Test 1.3: AKS Researcher

Command:

@Nighthawk-AKS-Researcher Research node bootstrapping process in AKS

Expected Behavior:

Clones/updates AKS repos to docs/ directory
Searches AgentBaker for bootstrapping logic
Returns structured findings with sources
Citations include GitHub file paths
No synthesis or report writing (just research)

Verify:

ls docs/
# Should see: AKS, AgentBaker, cloud-provider-azure, azure-cli, azure-cli-extensions

Test 1.4: ARO Researcher

Command:

@Nighthawk-ARO-Researcher Research storage accounts in ARO managed resource groups

Expected Behavior:

Clones/updates ARO repos to docs/ directory
Searches ARO-RP for storage account logic
Returns structured findings with sources
Citations include GitHub file paths
References known patterns (cluster storage, image registry)

Verify:

ls docs/
# Should see: ARO-RP, azure-cli

Test 1.5: Synthesizer (Manual Input)

Command:

@Nighthawk-Synthesizer Create a report from these findings: [paste sample research output]

Expected Behavior:

Creates markdown file in notes/ directory
Includes mermaid diagrams if appropriate
Cites all sources from research
Does NOT add new research or web lookups
Returns synthesis summary

Pass Criteria:

File created: notes/Nighthawk-YYYY-MM-DD-<topic>.md
All sections present (overview, deep dive, findings, references)
Sources properly cited

Test 1.6: FactChecker

Command:

@Nighthawk-FactChecker Validate the report: notes/Nighthawk-YYYY-MM-DD-<topic>.md

Expected Behavior:

Reads the report file
Extracts technical claims
Verifies each claim against cited sources
Checks GitHub links (file paths, line numbers)
Returns validation summary with categories

Pass Criteria:

Validation summary with counts
Per-claim analysis (✓/⚠/✗/❌)
Recommendation (APPROVE/WARNINGS/NEEDS REVISION)
Specific corrections if claims unverified

Phase 2: End-to-End Orchestration Testing

Test 2.1: Simple AKS Question

Command:

/Nighthawk How does AKS use AgentBaker for node provisioning?

Expected Workflow:

Orchestrator calls Classifier → Returns "AKS"
Orchestrator calls AKS-Researcher → Returns findings
Orchestrator calls Synthesizer → Creates report file
Orchestrator calls FactChecker → Validates report
Orchestrator presents result to user

Pass Criteria:

Complete workflow executes without errors
Report file created in notes/
Fact-check summary presented
All verified claims or warnings noted
Total time < 5 minutes (first run may be slower for cloning)

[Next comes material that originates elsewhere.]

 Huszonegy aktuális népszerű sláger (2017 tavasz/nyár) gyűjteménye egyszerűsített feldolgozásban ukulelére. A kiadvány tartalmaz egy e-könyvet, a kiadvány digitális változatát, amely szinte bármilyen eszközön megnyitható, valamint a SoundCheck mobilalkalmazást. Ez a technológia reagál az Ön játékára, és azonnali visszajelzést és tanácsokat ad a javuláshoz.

Test 2.2: Simple ARO Question

Command:

/Nighthawk What operators run in an ARO cluster?

Expected Workflow:

Classifier → Returns "ARO"
ARO-Researcher → Searches ARO-RP for operator info
Synthesizer → Creates report
FactChecker → Validates
Final report delivered

Pass Criteria:

Correctly routed to ARO researcher
Report includes operator information from ARO-RP
Sources cite pkg/operator/ directory
Fact-check validates claims

Test 2.3: Ambiguous Question

Command:

/Nighthawk Tell me about Kubernetes networking

Expected Behavior:

Classifier returns UNKNOWN or low confidence
Orchestrator asks user to clarify (AKS or ARO?)
Workflow does not proceed until clarification

Pass Criteria:

User asked for clarification
No attempt to research without clear classification

Test 2.4: Complex Technical Question

Command:

/Nighthawk How does AKS implement customer-managed keys for KMS encryption and what components are involved?

Expected Workflow:

Classifier → AKS, keywords: KMS, CMK, Key Vault, encryption
AKS-Researcher → Searches multiple repos (AgentBaker, cloud-provider-azure)
Synthesizer → Creates comprehensive report with architecture diagram
FactChecker → Validates all technical claims

Pass Criteria:

Report covers multiple components (AgentBaker, kube-apiserver, KMS plugin)
Includes Mermaid diagram showing flow
All claims verified with GitHub sources
References both code and Microsoft Learn docs

Phase 3: Quality Validation

Test 3.1: Fact-Checking Catches Errors

Setup: Manually edit a report to add an incorrect claim

Command:

@Nighthawk-FactChecker Validate notes/Nighthawk-YYYY-MM-DD-<topic>.md

Expected:

FactChecker flags the incorrect claim as ❌ Incorrect
Provides evidence of contradiction
Recommendation: NEEDS REVISION

Test 3.2: Source Link Validation

Setup: Report with GitHub links

Expected:

FactChecker verifies file paths exist
Checks line numbers point to relevant code
Flags broken or incorrect links

Test 3.3: No Hallucination

Command:

/Nighthawk <Question about obscure feature not well documented>

Expected:

Report states "information not found" rather than making things up
FactChecker marks unsupported claims as ✗ Unverified
User warned about unverified content

Phase 4: Performance & Reliability

Test 4.1: Repository Caching

First run:

Repos cloned (slower, 1-2 minutes)

Second run (same question):

Repos already exist (much faster, < 1 minute)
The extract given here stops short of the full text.